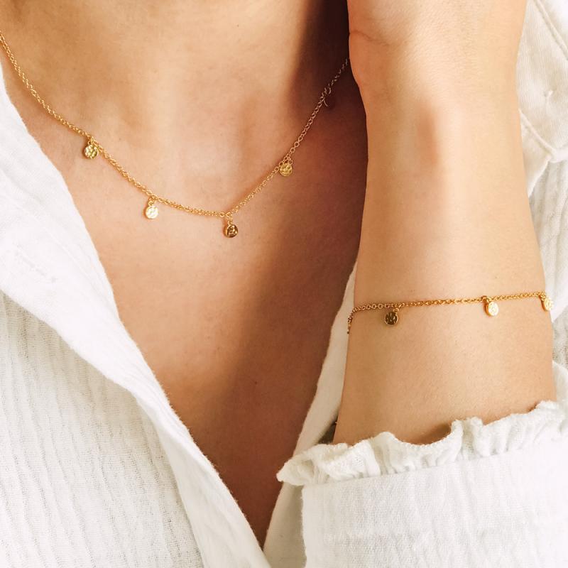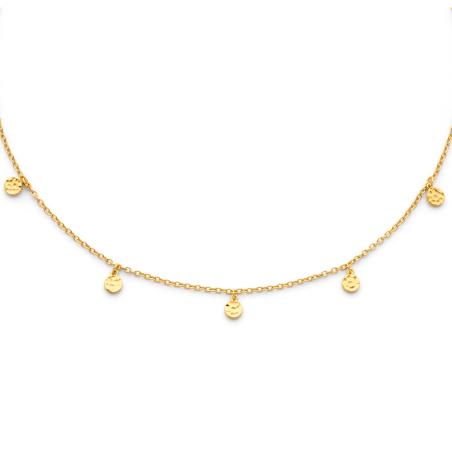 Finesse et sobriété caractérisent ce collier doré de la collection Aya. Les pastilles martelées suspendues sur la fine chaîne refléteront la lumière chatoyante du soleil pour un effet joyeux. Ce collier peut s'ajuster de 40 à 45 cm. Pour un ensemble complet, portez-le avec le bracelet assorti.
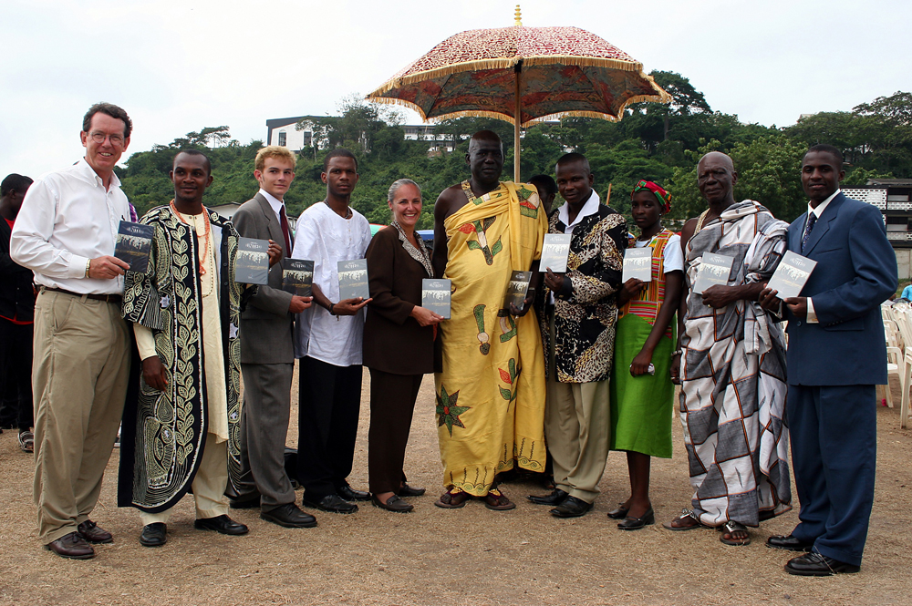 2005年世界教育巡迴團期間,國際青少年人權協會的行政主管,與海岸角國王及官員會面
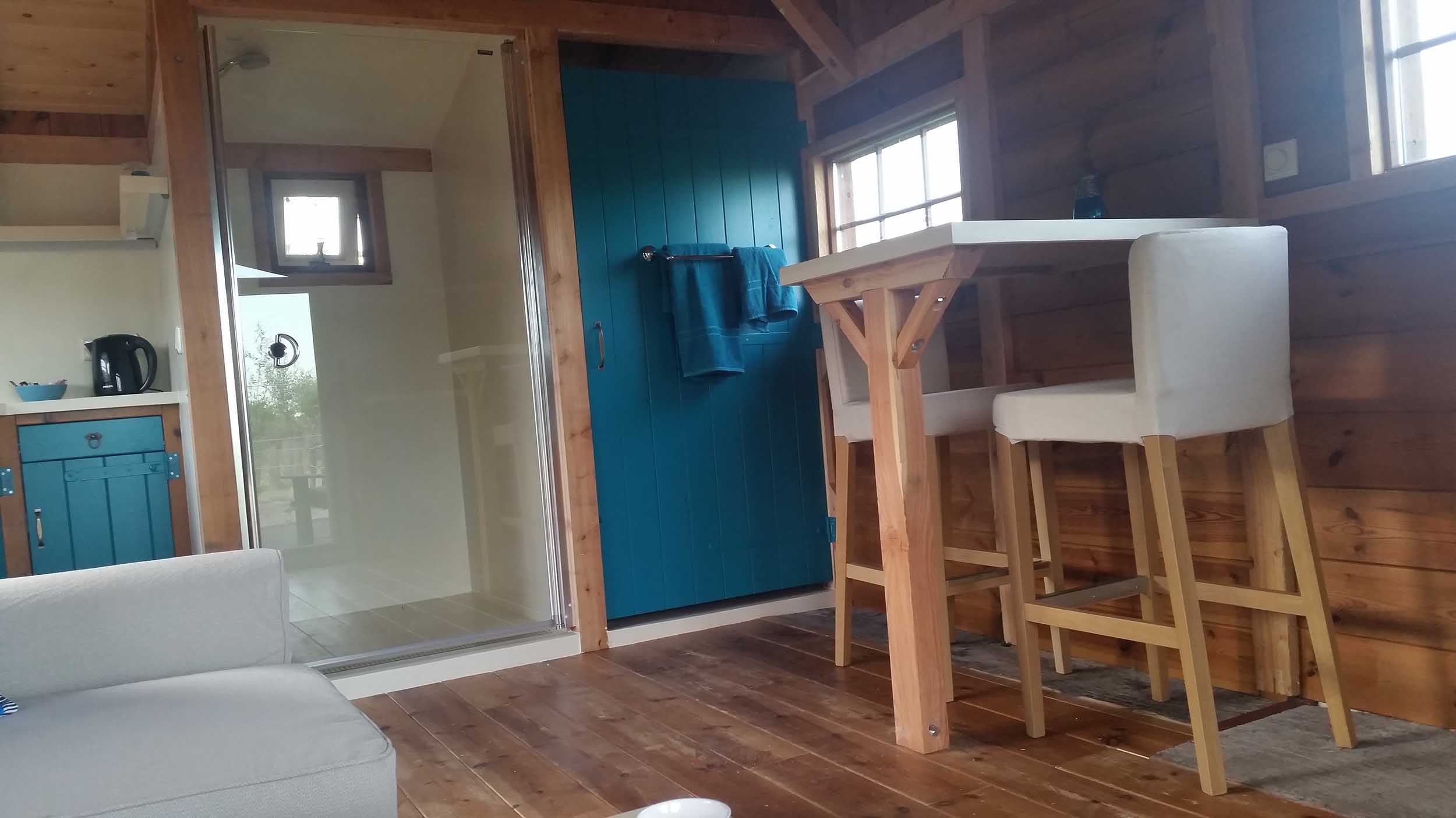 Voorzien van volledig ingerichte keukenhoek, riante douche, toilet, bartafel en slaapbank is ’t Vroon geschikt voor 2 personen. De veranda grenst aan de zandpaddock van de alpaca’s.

--------------------------------------------------

Write out the data exactly, but not its pictures.

Output below =
 Finesse et sobriété caractérisent ce collier doré de la collection Aya. Les pastilles martelées suspendues sur la fine chaîne refléteront la lumière chatoyante du soleil pour un effet joyeux. Ce collier peut s'ajuster de 40 à 45 cm. Pour un ensemble complet, portez-le avec le bracelet assorti.
 2005年世界教育巡迴團期間,國際青少年人權協會的行政主管,與海岸角國王及官員會面
 Voorzien van volledig ingerichte keukenhoek, riante douche, toilet, bartafel en slaapbank is ’t Vroon geschikt voor 2 personen. De veranda grenst aan de zandpaddock van de alpaca’s.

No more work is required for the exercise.